III. NIEUW BEZWAARSCHRIFT NADAT REEDS EEN DEFINITIEF GEWORDEN BESLISSING WERD GENOMEN
Nummer 367/7
Er mag geen afbreuk worden gedaan aan het gezag van het administratief gewijsde verbonden aan een voorheen genomen definitief geworden beslissing.

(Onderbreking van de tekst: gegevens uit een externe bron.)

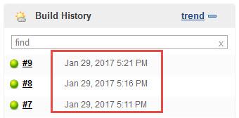 Vì chúng ta đang kích hoạt bản build cứ sau 5 phút, bạn có thể thấy các jobs đang chạy cứ sau 5 phút (hiển thị trong hình dưới đây).
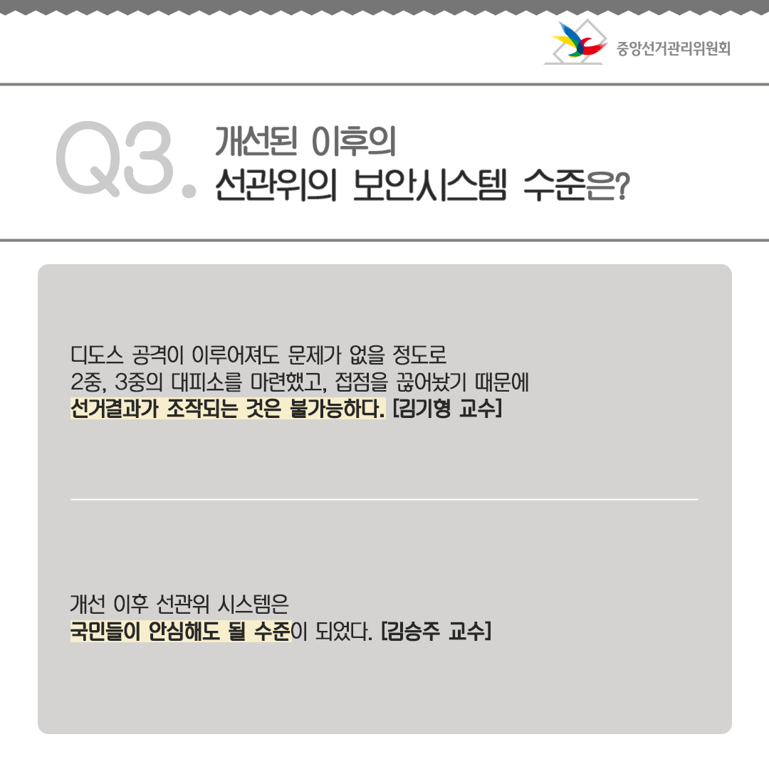 디도스 공격이 이루어져도 문제가 없을 정도로 2중, 3중의 대피소를 마련했고, 접점을 끊어놨기 때문에 선거결과가 조작되는 것은 불가능하다. [김기형 교수]
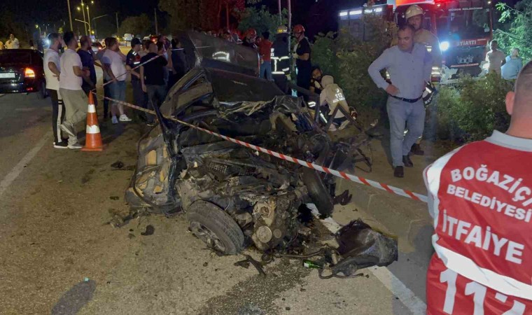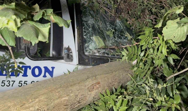 Düzce’de karşı şeride geçip otomobili biçen beton mikseri, ardından elektrik direklerine ve ağaçlara çarpıp fındıklığa uçtu. Kazada 1 kişi öldü, 1 kişi ağır yaralandı.

Art. 375, tweede lid, WIB 92, schrijft met name voor dat "deze beslissing onherroepelijk is wanneer geen vordering is ingesteld bij de rechtbank van eerste aanleg binnen de in artikel 1385undecies van het Gerechtelijk Wetboek vermelde termijn."
De grief waarover de directeur of de door hem gedelegeerde ambtenaar reeds heeft beslist, zij het op grond van de uitbreiding voorzien in art. 367, WIB 92, kan niet binnen het raam van een nieuw bezwaarschrift opnieuw worden onderzocht.
Maar wanneer ingevolge de toepassing van art. 367, WIB 92, de gevestigde belastingen reeds het onderwerp waren van een definitieve beslissing, behoudt de belastingplichtige het recht om binnen de wettelijke termijn tegen die aanslagen een nieuw bezwaarschrift in te dienen zo hij hiertegen andere dan de vroeger reeds aangehaalde bezwaren wil doen gelden. De beslissing over het nieuwe bezwaarschrift mag evenwel geen wijziging brengen aan de reeds vroeger beslechte punten.